Cyber spotters are expecting an increase in the rise of illegal activity on these sites in the wake of the recent wildlife trade ban in China, Dr Thomas added.
He continued: “One aspect of all this which will emerge, as it has with previous economic downturns, is an increase in criminal activity.
“There may well be a boom in wildlife trafficking once we get over this and start to return to normality – it will be a very different world.
“We’ve had long-term monitoring of Chinese language websites now that use code words, it originated for ivory, where they would sell ‘ox horns,’ which is just code for ivory.
“Studies on social media in South East Asia have shown how buyers and sellers are put in touch and discuss wildlife.”
Dr Thomas was quick to praise all the companies for their work so far, but admitted now, more than ever, there is a lot of work to be done ahead. He added: “The coalition to counter this trafficking online includes Facebook and Google, but between all the sites they’ve taken down millions of adverts this year selling illegal wildlife.

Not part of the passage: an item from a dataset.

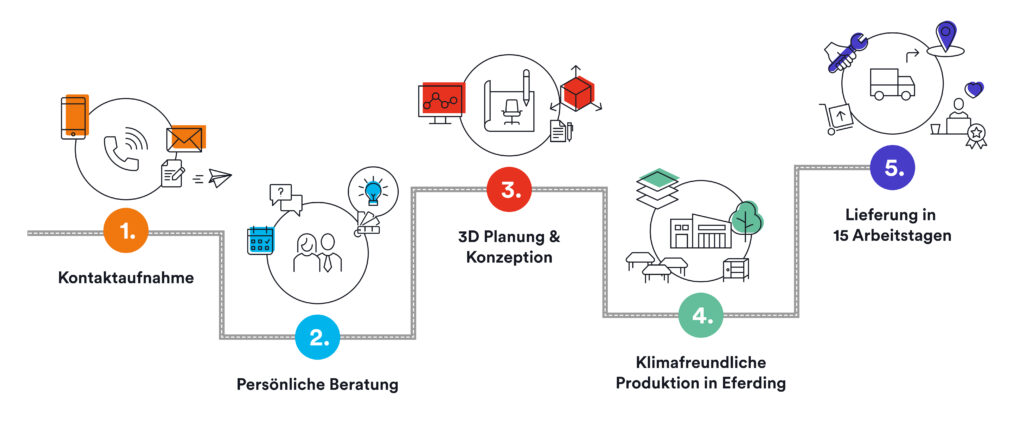 Unser Anspruch bei hali ist es, deine Bedürfnisse kennenzulernen, damit wir eine individuelle Office-Lösung planen und fertigen können, die perfekt auf dich zugeschnitten ist. Mit unserer Büromöbelberatung und Planung bist du bei unseren Expert*innen in besten Händen, vom ersten Kontakt, über die Beratung, 3D Planung und Konzeption bis hin zur klimafreundlichen Produktion in Eferding und der Lieferung in 15 Arbeitstagen.

“There has been, certainly, a very positive response from these companies who have seen their services abused.
“But, it’s massive, at any one time they have billions of adverts and even with this artificial intelligence monitoring, it’s still a major policing operation.
“It’s just another commodity and that’s why it’s a major challenge, criminals see it as low risk, high reward.
“They believe the authorities are more likely to go after them if they are trying to flog people, guns or drugs.”
The WWF has already noticed a spike in a new emerging, and concerning, type of trade – the sale of fraudulent coronavirus cures said to be made from endangered species. A WWF spokeswoman told Express.co.uk: “There are indications that wildlife traffickers are using the same channels to reach consumers as everyone else during the COVID-19 lockdowns, including marketing via the internet and social media, shipping via post, and trafficking via small parcels.
“There are also alarming trends appearing online, including peddling fraudulent COVID-19 cures said to be made from endangered species, such as bear bile, rhino horn, and tiger bone.
“It is now more critical than ever to work with online companies through the Coalition to End Wildlife Trafficking Online to stop the sales of fake cures and illicit wildlife at source, before listings and adverts can even be posted online.”